Genes involved in the type I interferon (IFN) response were upregulated in around one-third of infected macrophages, which would not have been observed using pooled sequencing and implies that there is extensive cell-to-cell variation after bacterial invasion. Using macrophages deficient in Toll-like receptor (TLR) signalling, the authors determined that the type I IFN response is triggered by intracellular detection of bacterial lipopolysaccharide (LPS) molecules by TLR4. However, pseudoinfections of macrophages with LPS-coated beads did not elicit the same high level of variation in the type I IFN response, suggesting that additional bacterial factors are required.

By using a fluorescent reporter in infected cells, the authors were able to distinguish between individual macrophages differentially expressing type I IFN response genes. Simultaneous application of RNA-seq to bacterial and host genes in these macrophages showed that phoP and phoQ were upregulated in those bacteria that elicited a strong type I IFN response. These genes encode, respectively, the response regulator and sensor kinase of a two-component response regulator system that is activated upon macrophage invasion. The authors hypothesized that variation in the activity of PhoP may drive variation in the type I IFN response through the modification of LPS, which they confirmed using bacteria either deficient in or constitutively expressing PhoP.
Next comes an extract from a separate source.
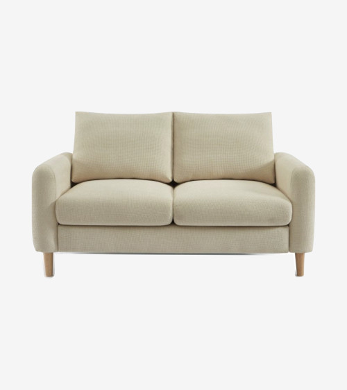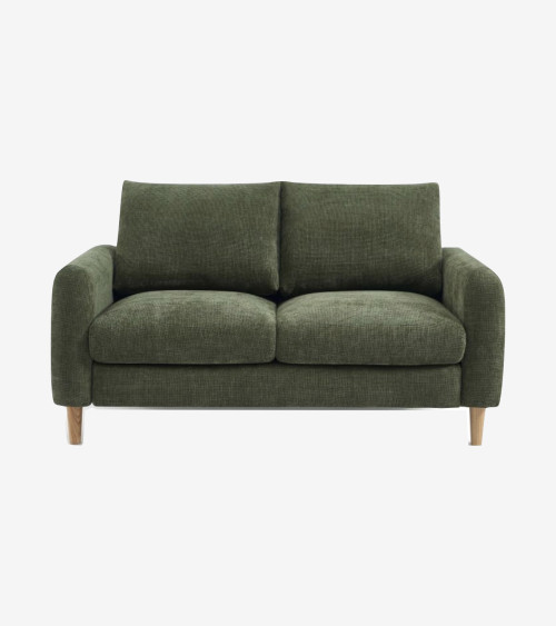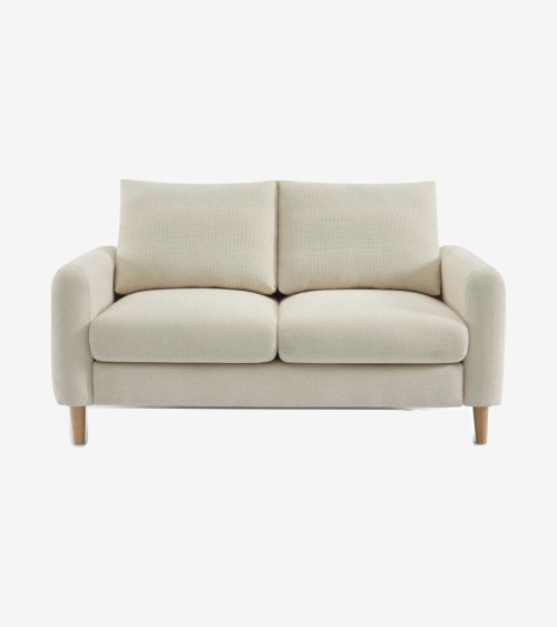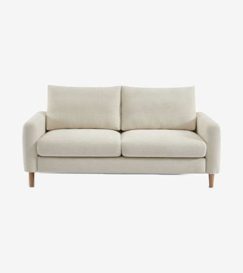 Ce canapé 2 places en tissu gris est à la fois élégant et confortable. Ses pieds en bois d'hévéa ajoutent une touche naturelle à sa structure solide.

In summary, this study demonstrates a causative link between bacterial phenotypic diversity and a variable host immune response. It is hypothesized that bacterial diversity is evolutionarily advantageous in the arms race between host and pathogen, as it increases survival chances in changing host environments. Building on previous observations of within-host genomic diversity, such as genetic diversity of the cystic fibrosis pathogens Pseudomonas aeruginosa3 and Burkholderia dolosa4, these latest results highlight another important layer of diversity within bacterial populations, which could only be revealed by studying single cells, rather than populations.